Honorar-Optimierung ist für Ärzte keine gesetzliche Pflicht, aber wirtschaftlich von großer Bedeutung: Studien zeigen, dass viele Praxen durch fehlerhafte oder unvollständige Abrechnung nach EBM oder GOÄ jährlich erhebliches Einkommen verlieren. Eine systematische Optimierung der Abrechnung kann die Praxisrendite deutlich verbessern.
Hintergrund
Die Komplexität der EBM- und GOÄ-Abrechnung führt häufig dazu, dass erbrachte Leistungen nicht oder falsch kodiert werden. Regelmäßige Abrechnungsaudits durch spezialisierte Berater können Abweichungen aufdecken und das Honorar optimieren. Auch die vollständige Abrechnung von IGeL-Leistungen und privatärztlichen Zusatzleistungen gehört zur Honoraroptimierung. Kassenärztliche Vereinigungen bieten teilweise Beratung zur Abrechnungsoptimierung an.
Wann gilt das nicht?
Ärzte mit vollständig optimierter Abrechnung und regelmäßigem Abrechnungs-Audit haben weniger Bedarf für umfangreiche Optimierungsmaßnahmen.
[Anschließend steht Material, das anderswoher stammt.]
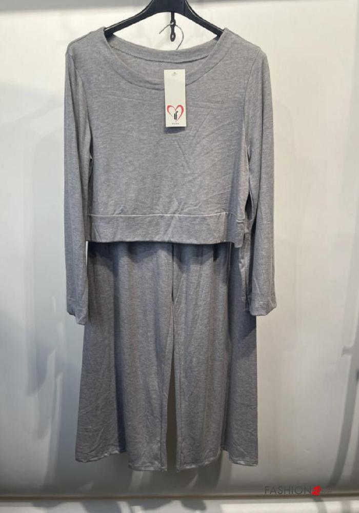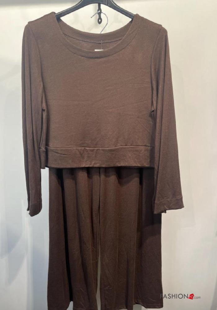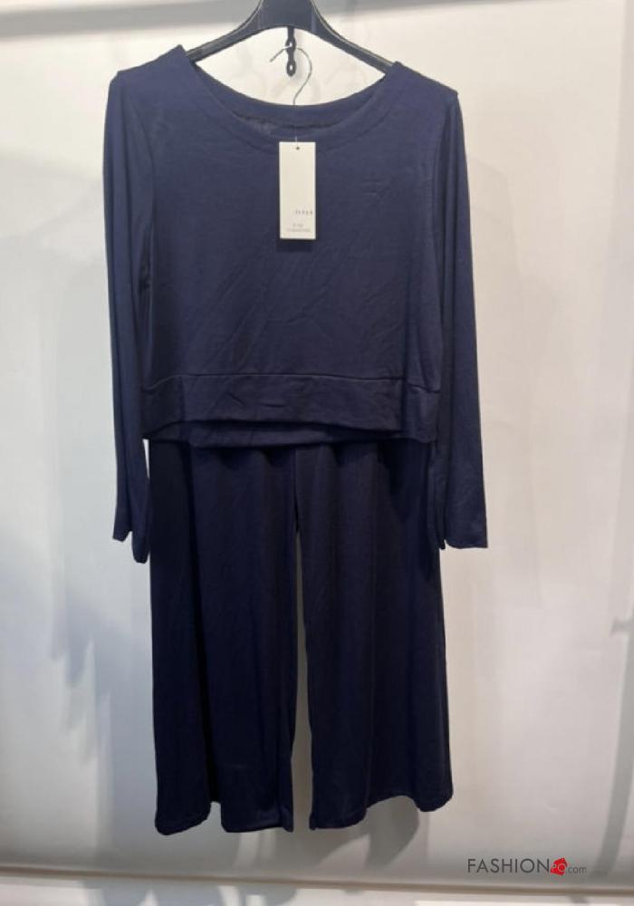 Coordinato wide leg maniche lunghe girocollo con elastico

Angestellte Ärzte, die nicht selbst abrechnen, sind von diesem Thema nicht direkt betroffen.
Ärzteversichert empfiehlt niedergelassenen Ärzten, die eigene Abrechnung regelmäßig durch einen externen Abrechnungsberater prüfen zu lassen und identifizierte Optimierungspotenziale konsequent zu nutzen.
Honorar-Optimierung ist für Ärzte keine Pflicht, aber wirtschaftlich sehr sinnvoll. Viele Praxen lassen durch fehlerhafte oder unvollständige EBM- und GOÄ-Abrechnung erhebliches Einkommen ungenutzt.